President of UNIST, South Korea
- In office 2019–2024

Personal details
- Born: 12 July 1955 (age 71) South Korea
- Education: Seoul National University, University of Pennsylvania, USA
- Profession: University president, electrical engineer
- Education: Seoul National University, University of Pennsylvania, USA
- Fields: Signal processing
- Workplaces: KAIST, UNIST
- Thesis: (1984)

Korean name
- Hangul: 이용훈
- RR: I Yonghun
- MR: I Yonghun

= Yong Hoon Lee =

South Korean academic

Yong Hoon Lee (born 12 July 1955) was the President of Ulsan National Institute of Science and Technology, South Korea. He is an electrical engineer specializing in wireless communications and signal processing.

==Early life==
Lee received his bachelor's and master's degree in electrical and computer engineering from Seoul National University, Korea in 1978 and 1980 respectively.
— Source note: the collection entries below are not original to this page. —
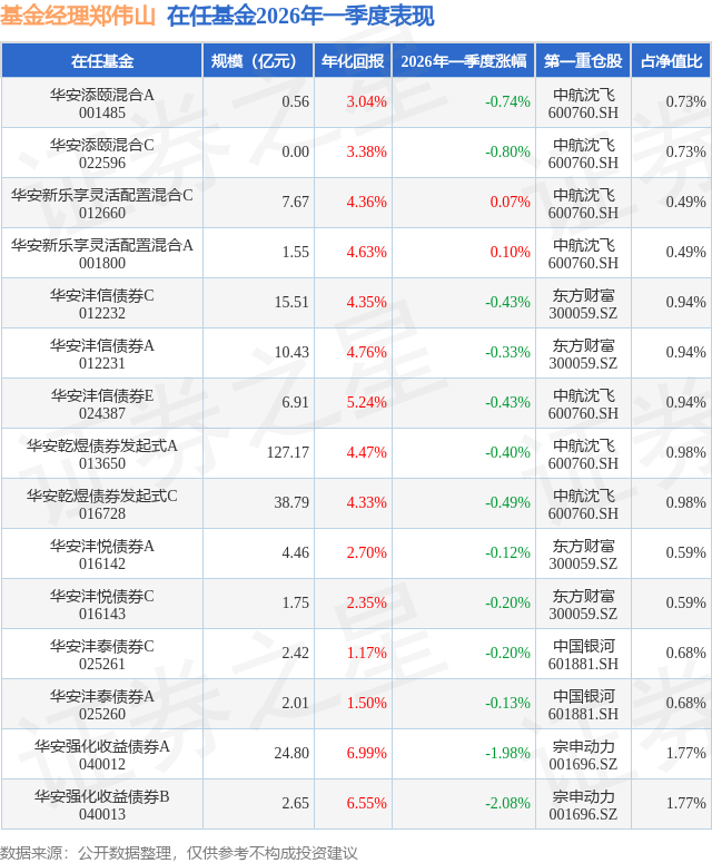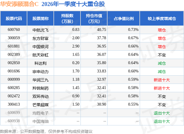 证券之星消息,日前华安添颐混合C基金公布一季报,2026年一季度最新规模0.0亿元,季度净值涨幅为-0.8%。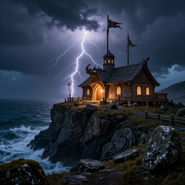 Fantasy Viking longhouse illuminated by stormy lightning, perched atop a rocky cliff overlooking a wild ocean, sails and banners billowing in the wind, detailed wood carvings of Norse mythology creatures, rugged terrain with moss and ancient stones surrounding the structure.
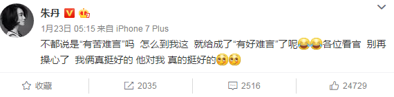 這要是兩位單身,或許還好一點(diǎn),關(guān)鍵是這可是兩個(gè)為人父母的,說(shuō)出這么高山流水覓知音的話(huà),確實(shí)不合適。不但如此,周一圍的夫人,朱丹在微博里一直為老公賣(mài)力宣傳。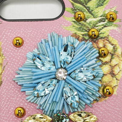 Dolce and Gabbana transforms a simple phone case into a miniature work of art. Multicolour fruit print leather is set with sparkling crystals for a baroque flourish. A practical way to protect your device while carrying a touch of the runway.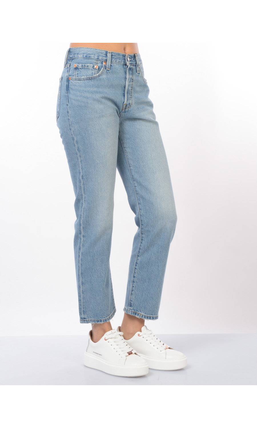 Jeans modello 501 Cropped con effetto delave' e used, chiusura frontale con bottoni logati in metallo di cui il primo a vista, fascetta in vita con passanti e salpa posteriore logata a contrasto colore, cinque tasche, rivetti logati in metallo applicati, motivo di impunture a contrasto colore, piccolo logo in tessuto a contrasto colore applicato sul retro, in cotone e lyocell.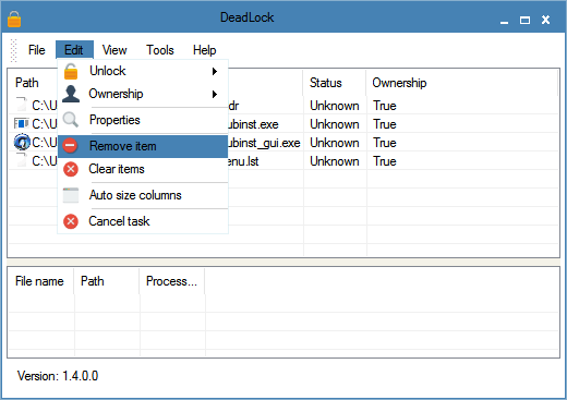 Soms lukt het niet om een bestand te verwijderen via Windows Verkenner. De toegang wordt geweigerd of je krijgt een andere foutmelding. Als je DeadLock achter de hand houdt, is het probleem snel opgelost. Gebruik de rechtermuisknop op het DeadLock-icoontje om het programma te starten met administrator-rechten. Gebruik Open / File(s) of Open / Folder en voeg bestanden (of een map) toe die je niet kunt verwijderen. In het menu Edit kun je aangeven welke acties je wilt toepassen. Verwijderen doe je met Remove. Gebruik Unlock als je alleen blokkades wilt opheffen. Met Ownership kun je rechten overnemen. Dit laatste is handig om bijvoorbeeld bestanden uit een oude back-up toegankelijk te maken. Deze truc kun je ook toepassen als je geen toegang krijgt tot bestanden op een externe schijf die er met een andere computer zijn opgezet.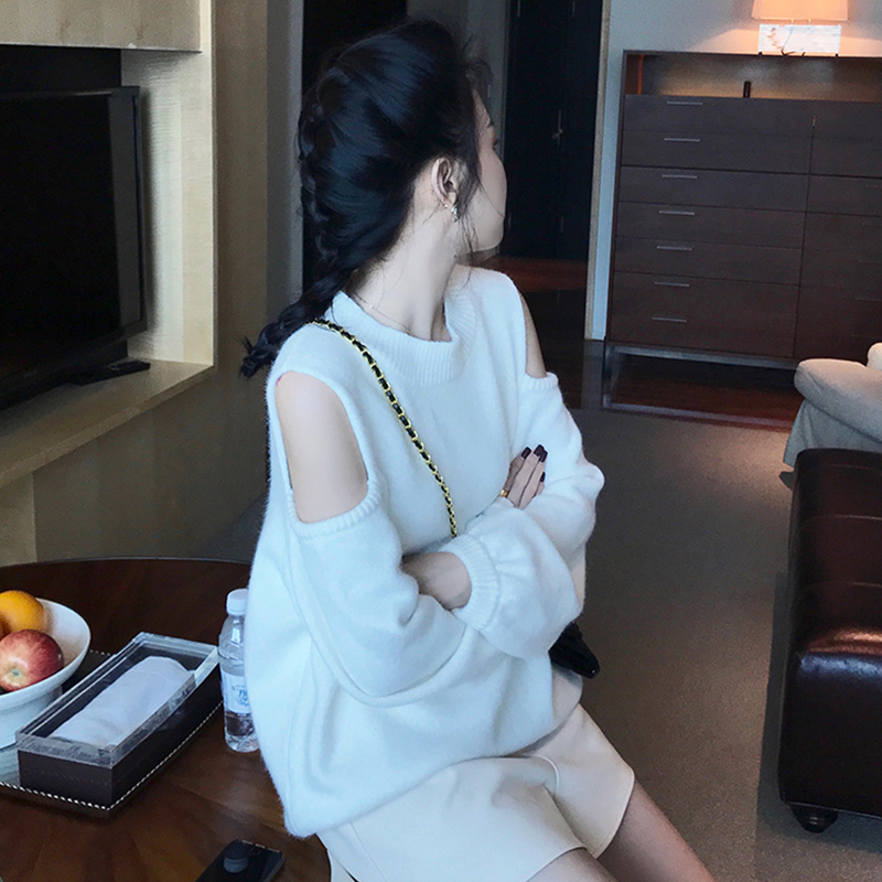 Design sense woman taste slim sexy dew shoulder coat Lazy Sleeve Hooded Sweatshirt Hooded Sweatshirt Woman Autumn Winter

In 1984, Lee received his Ph.D. degree in electrical and computer engineering from the University of Pennsylvania, USA.

==Career==
From 1984 to 1988, Lee joined the SUNY, Buffalo, NY, as an assistant professor in electrical and computer engineering.
In 1989, he joined KAIST as a faculty member. From 2004 to 2005, he became Head of the Electrical Engineering Department. From 2005 to 2011, he became Dean of the College of Engineering. From 2011 to 2013, he became Provost of KAIST. In 2019, Lee became the 4th President of UNIST.

==Awards==
Lee has received numerous awards, including the distinguished service medal from Institute of Electronics, Korea and the Presidential Citation from the President of South Korea.